- **Task to complete**
Every record below must be copied exactly, with images dropped.

- **Given data**
■ ■ ■ ■ ■ ■ ■

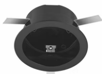
Recessed box for fix-point 60.3022.14
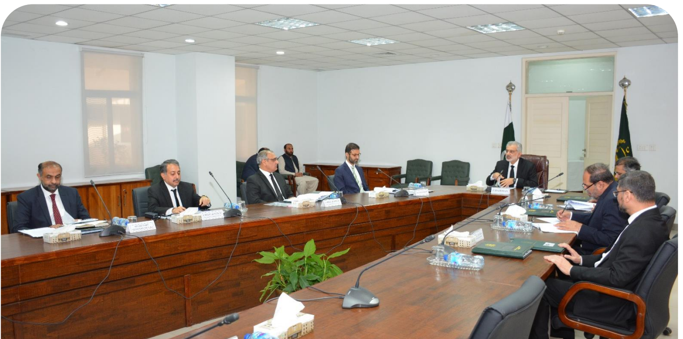
Chief Justice Qazi Faez Isa presiding over meeting of Board of Governors, FJA
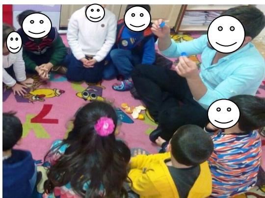
Photograph 1. Sink or Swim Activity

He further stated that “Activities trigger children’s curiosity are always more successful.”
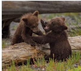
F Staub – Bear Cubs at Play 759.jpg
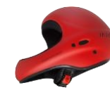
HHe75 softcolor red
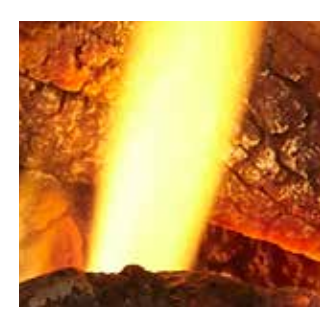
No power, no problem; standing pilot models available
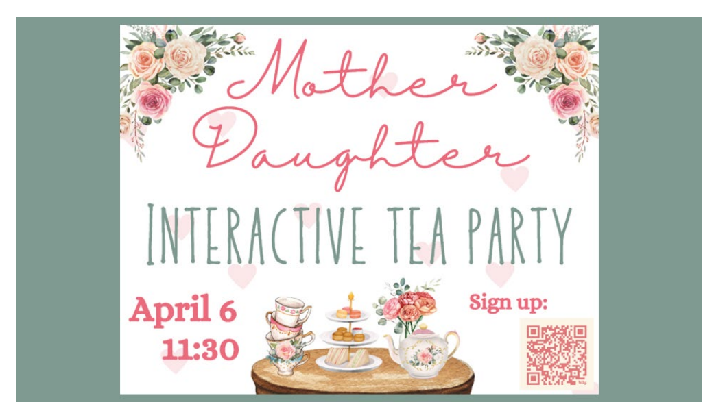
Sign Up Here!

For dates and to sign up: <a href="https://bit.ly/3ZVhyB8">https://bit.ly/3ZVhyB8</a>

■ ■ ■ ■ ■ ■ ■

- **Answer to this task**
Recessed box for fix-point 60.3022.14
Chief Justice Qazi Faez Isa presiding over meeting of Board of Governors, FJA
Photograph 1. Sink or Swim Activity

He further stated that “Activities trigger children’s curiosity are always more successful.”
F Staub – Bear Cubs at Play 759.jpg
HHe75 softcolor red
No power, no problem; standing pilot models available
Sign Up Here!

For dates and to sign up: <a href="https://bit.ly/3ZVhyB8">https://bit.ly/3ZVhyB8</a>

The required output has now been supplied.